DRESS: Dynamic REal-time Sparse Subnets
This work addresses the need for efficient and adaptive neural networks on resource-limited edge devices, representing an incremental improvement over existing sub-network methods.
The paper tackles the problem of deploying deep neural networks on edge devices with varying resource constraints by proposing DRESS, a training algorithm that samples and jointly trains multiple sparse sub-networks from a backbone, achieving significantly higher accuracy than state-of-the-art methods on public vision datasets.

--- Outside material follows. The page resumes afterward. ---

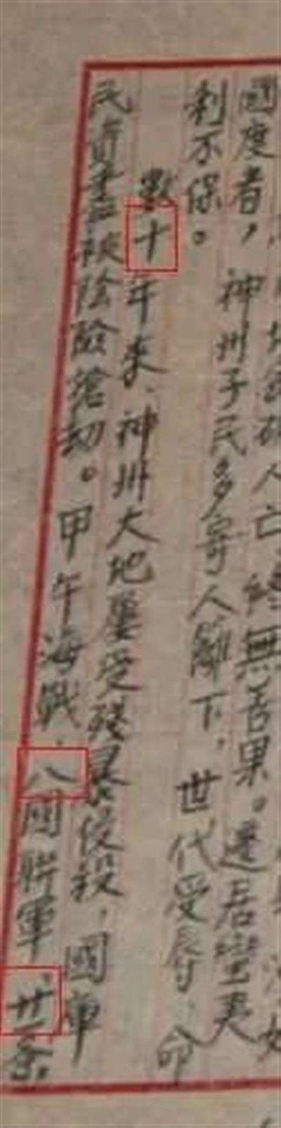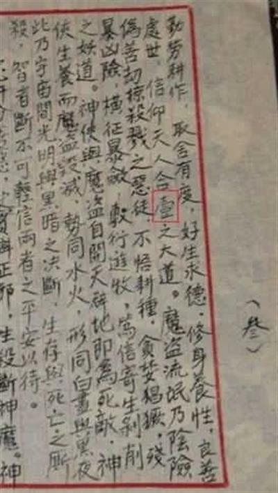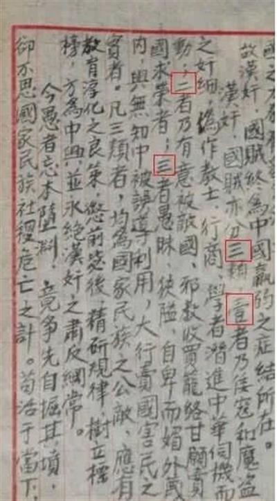 标点符号?对,就是竖行文字中引号的用法。在1919年提出的《请颁布新式标点符号议案》中决定采用曲尺形的引号(『』),1920年2月2日颁布的《通令采用新式标点符号文》使之成为法定的形式,直到1951年新的《标点符号使用方法》颁布后才改为现在常见的西文引号(“”)——而且这还是在横行文字中。如果这个“抄本”确实是1938年的,那应该用的是曲尺形的引号(『』)

The limited and dynamically varied resources on edge devices motivate us to deploy an optimized deep neural network that can adapt its sub-networks to fit in different resource constraints. However, existing works often build sub-networks through searching different network architectures in a hand-crafted sampling space, which not only can result in a subpar performance but also may cause on-device re-configuration overhead. In this paper, we propose a novel training algorithm, Dynamic REal-time Sparse Subnets (DRESS). DRESS samples multiple sub-networks from the same backbone network through row-based unstructured sparsity, and jointly trains these sub-networks in parallel with weighted loss. DRESS also exploits strategies including parameter reusing and row-based fine-grained sampling for efficient storage consumption and efficient on-device adaptation. Extensive experiments on public vision datasets show that DRESS yields significantly higher accuracy than state-of-the-art sub-networks.